This latest episode of Quintessentially Mental: The Podcast features Nicole Germond. This podcast is hosted by SureEyes.

Transcript

SureEyes: [00:00:00] You're listening to quintessentially mental a podcast hosted by SureEyes , please note that this host is not a mental health practitioner or professional, and this podcast is not made for treatment of any mental illness.

[00:00:37]spudcaster: [00:00:37] Baobulb.org is a podcasting platform and a medium for storytelling. This podcast is also available on all the major podcasting apps, including Apple and Google podcasts, podcast your life with baobulb.org.

[00:00:57] SureEyes: [00:00:57] Hey, y'all this is quintessentially mental, the podcast, and I'm your host SureEyes . Today's episode is called nothing to see here, folks, um, inspired by, you know, just thinking on the early parts of my journey on, on mental health and how, you know, our families almost ignore what's going on, um, or pretend it doesn't exist.

[00:01:25] Um, And so that's kind of what I'd like to chat about today, um, is really how we cope when we feel unseen or unheard, or like what we're going through. Isn't acknowledged. Um, especially by the people closest to us, our family, you know, the people we live with, the people we identify or the first people we identify with, um, And I think, you know, it, and, and obviously the effect of that on our, on our mental health.

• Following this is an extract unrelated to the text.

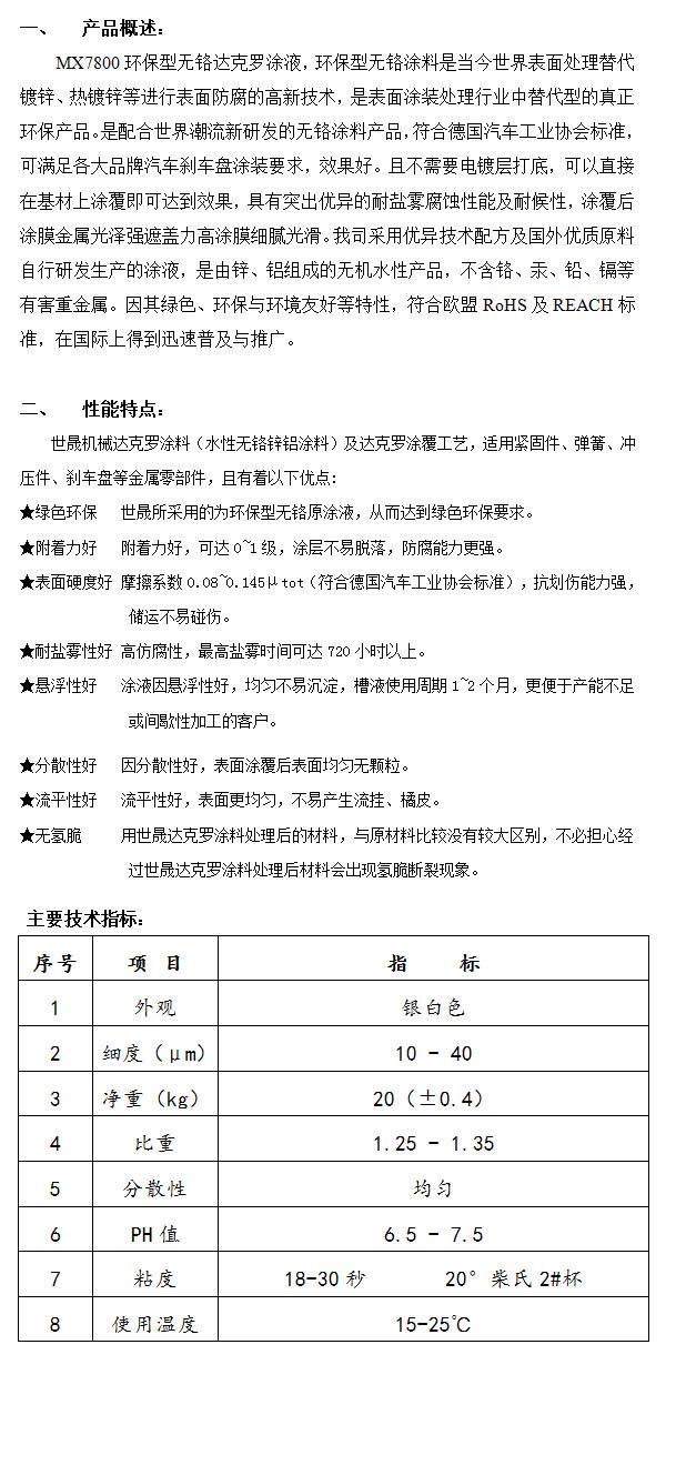 產(chǎn)品名稱(chēng):MX7800環(huán)保型無(wú)鉻達(dá)克羅涂液

[00:02:04] Um, so for today's episode, I'll be chatting to a very good friend of mine. Um, her name is Nicole Germond . She is, we've probably been friends for about 20 odd years. We met in our first year of high school way back in 2000. Um, and yeah, I think, you know, we, we we've, we've watched each other grow and support each other along our, our individual mental health journeys.

[00:02:38] Um, and obviously as teenagers watching us struggle with anxiety, as we navigate depression, anxiety, um, again, in our early adulthood and here at university in Cape town, um, going through quite tumultuous relationships. Um, and then again, as adults, you know, or more matured adults, um, And so we, we have a pretty long history together and have quite a strong understanding of each other's family responses to our individual mental health journeys.

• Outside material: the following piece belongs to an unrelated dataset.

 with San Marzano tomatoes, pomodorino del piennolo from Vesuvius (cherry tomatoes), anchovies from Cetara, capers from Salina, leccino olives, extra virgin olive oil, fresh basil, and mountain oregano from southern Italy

[00:03:22] Um, if I, if I reflect on my own, um, my own journey, I remember as a teenager feeling like I didn't belong, um, feeling. You know, as I, as I've mentioned in a previous podcast, I'm my mother's middle child. And growing up with, you know, my older and youngest sibling, um, before the, the three youngest siblings came along after, my parents divorced, I, I really struggled with.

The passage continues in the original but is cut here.